▶ [What needs to be done]
Transcribe each entry exactly as it appears, leaving out any picture it holds.

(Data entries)

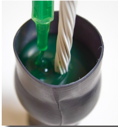
Self-Leveling Green® being injected to connector boot.
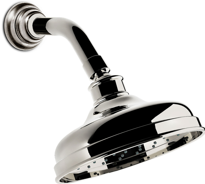
Shower Head 15 no results
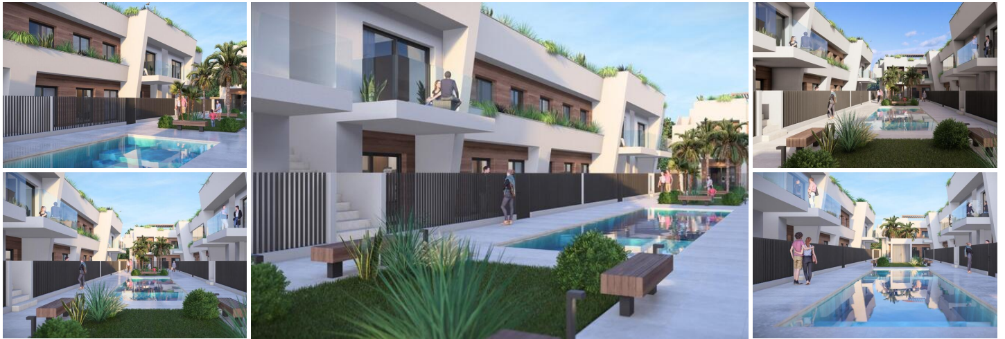
New Construction Homes in Torre-Pacheco, Costa Cálida
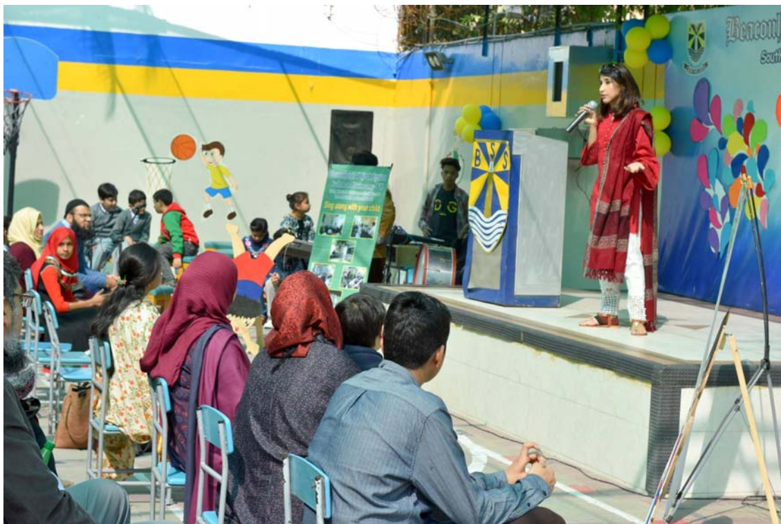
Session at Beaconhouse School for parents and teachers
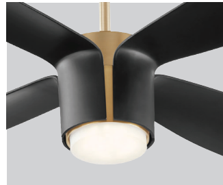
-4015 Aged Brass& black

SPECIFICATIONS 4 Blades / 60" Blade Sweep / 21° Blade-Pitch 4" and 6" downrod (Included) Optional downrods available for high ceilings 6 Speeds - Reversible; 0.40A on high / 0.06A on low 33W on high / 4W on low 114 rpm on high / 51 rpm on low Wall control (Included) Remote control 3-8-2001-0 (Optional)
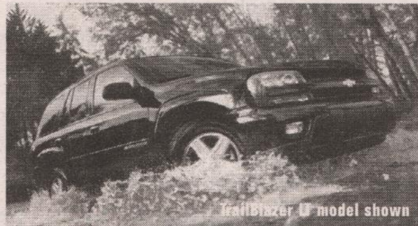
TrailBlazer 4x4 model shown

175 HP Vortec 2800 DOHC Engine • ABS • 5-Speed Manual • 2 Position Locking Tailgate • 15" Wheels
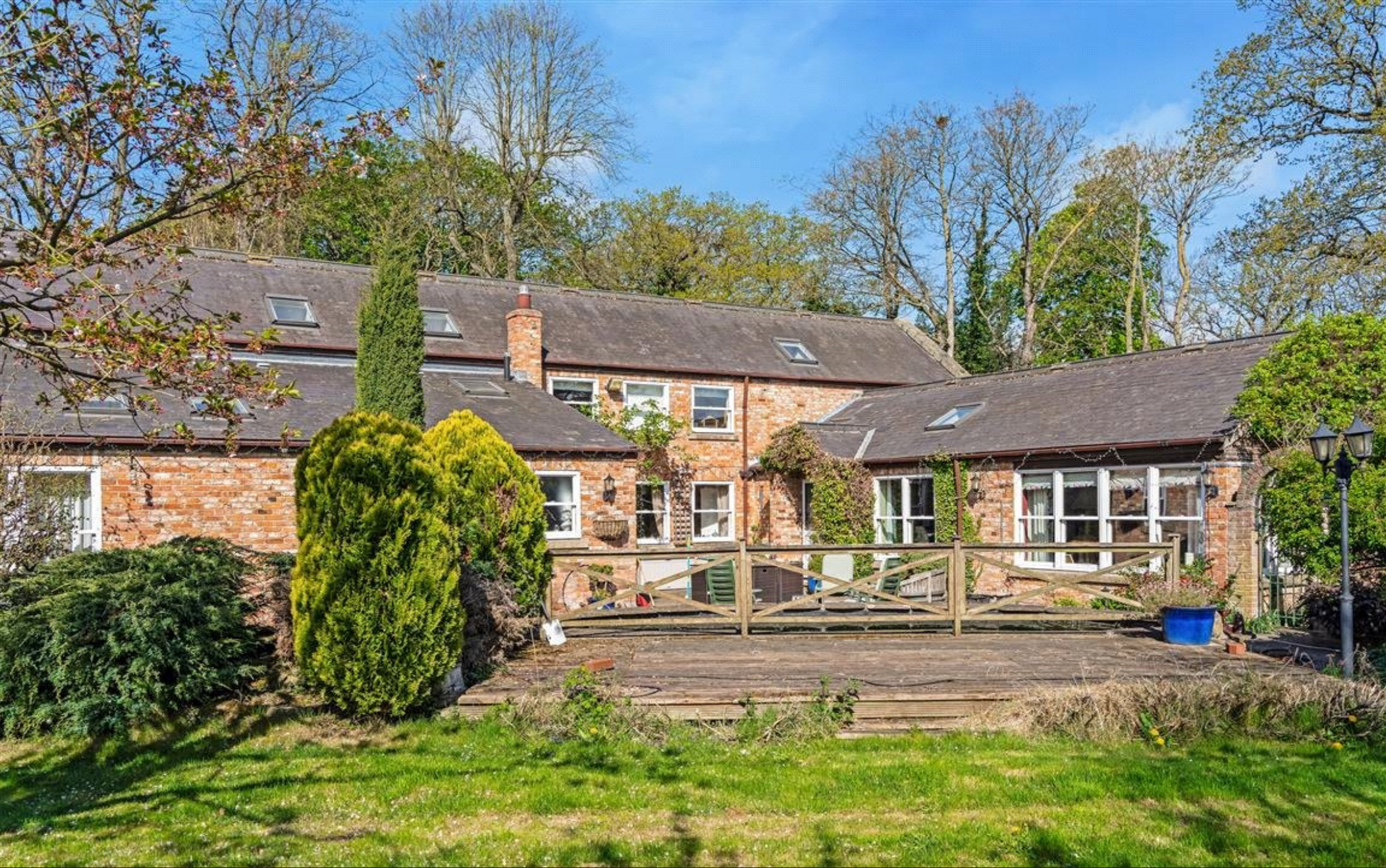
THE HALL LODGE, SCHOOL ROAD, HEMINGBROUGH £780,000
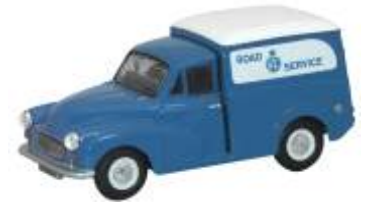
RAC Morris Minor
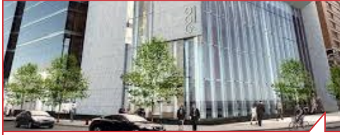
900, de Maisonneuve, Montréal
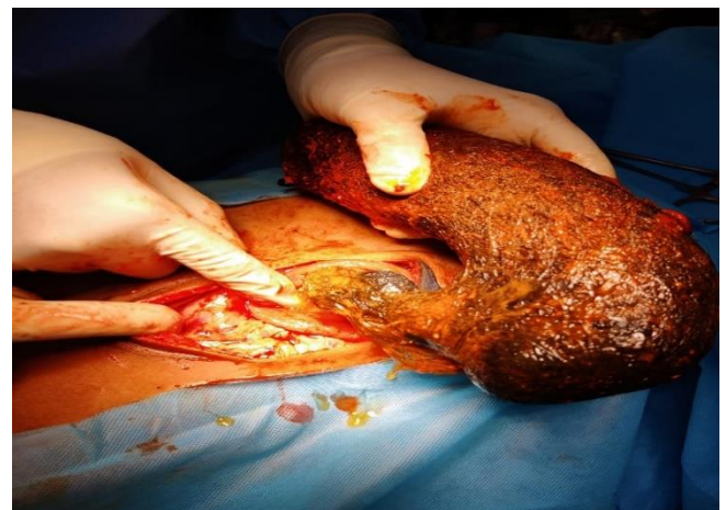
Figure 3: Intra-operative photograph of extraction of the huge trichobezoar through the gastrotomy incision.

▶ [Output below]
Self-Leveling Green® being injected to connector boot.
Shower Head 15 no results
New Construction Homes in Torre-Pacheco, Costa Cálida
Session at Beaconhouse School for parents and teachers
-4015 Aged Brass& black

SPECIFICATIONS 4 Blades / 60" Blade Sweep / 21° Blade-Pitch 4" and 6" downrod (Included) Optional downrods available for high ceilings 6 Speeds - Reversible; 0.40A on high / 0.06A on low 33W on high / 4W on low 114 rpm on high / 51 rpm on low Wall control (Included) Remote control 3-8-2001-0 (Optional)
TrailBlazer 4x4 model shown

175 HP Vortec 2800 DOHC Engine • ABS • 5-Speed Manual • 2 Position Locking Tailgate • 15" Wheels
THE HALL LODGE, SCHOOL ROAD, HEMINGBROUGH £780,000
RAC Morris Minor
900, de Maisonneuve, Montréal
Figure 3: Intra-operative photograph of extraction of the huge trichobezoar through the gastrotomy incision.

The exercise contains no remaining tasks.